Scalable, superelastic, and superhydrophobic MXene/silver nanowire/melamine hybrid sponges for high-performance electromagnetic interference shielding

Lightweight electromagnetic interference (EMI) shielding materials with a simple production process, a low density, good mechanical properties and stability, and a high absolute EMI shielding effectiveness (SSE/t) are urgently demanded for spacecraft, aircraft, and portable and wearable smart electronics, yet remain extremely challenging to manufacture. Herein, scalable, superelastic, and superhydrophobic MXene/silver nanowire/melamine (MS-MAF) hybrid sponges are fabricated via a facile dip-coating method.

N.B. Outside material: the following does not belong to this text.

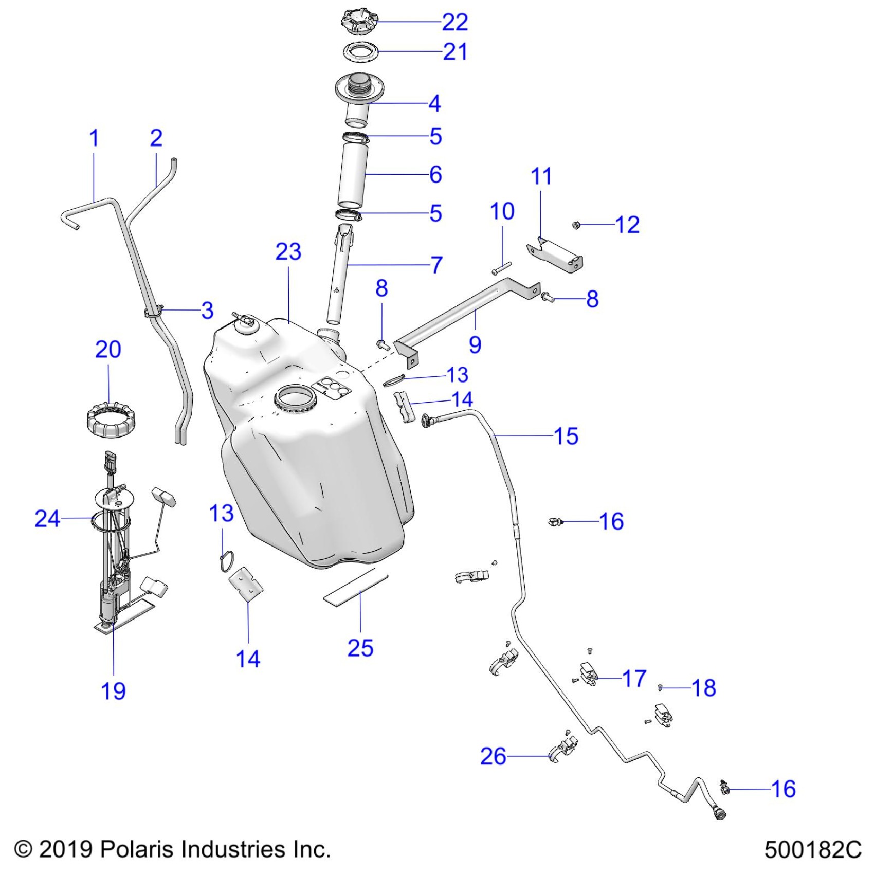 Polaris SLINGSHOT SL/SLR/R ALL OPTIONS (R01) - T23AAFGB/AAFHB/AAPGD/AAPHD/AARGB/AARHB FUEL SYSTEM, FUEL TANK ASM. - T23AAFGB/HB/PGD/HD/RGB/HB ALL OPTIONS (500182C) Diagram
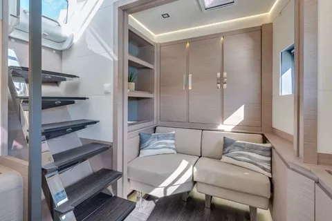 Expansive Flybridge: Imagine a spacious flybridge, like a private oasis perched above the ocean. Picture plush, decadent lounges and sunbathing beds beckoning you to sink in and soak up the sun.

The MS-MAF hybrid sponge exhibits an ultralow density (11.98 mg cm⁻³), a large recoverable compression strain (80%), and fatigue resistance. By the rational design of two-dimensional MXene nanosheets and one-dimensional silver nanowires on the sponge skeleton, the MS-MAF hybrid sponge can achieve a high SSE/t of 10128 dB cm² g⁻¹, significantly surpassing that of most of the other porous EMI shielding materials ever reported. Due to the treatment of low surface energy coating, the MS-MAF hybrid sponge also shows excellent structural stability and superhydrophobicity, which is conducive to its application in complex practical environments. Consequently, this work offers a promising lightweight EMI shielding candidate with the features of large-scale production, superelasticity, superhydrophobicity and a high SSE/t.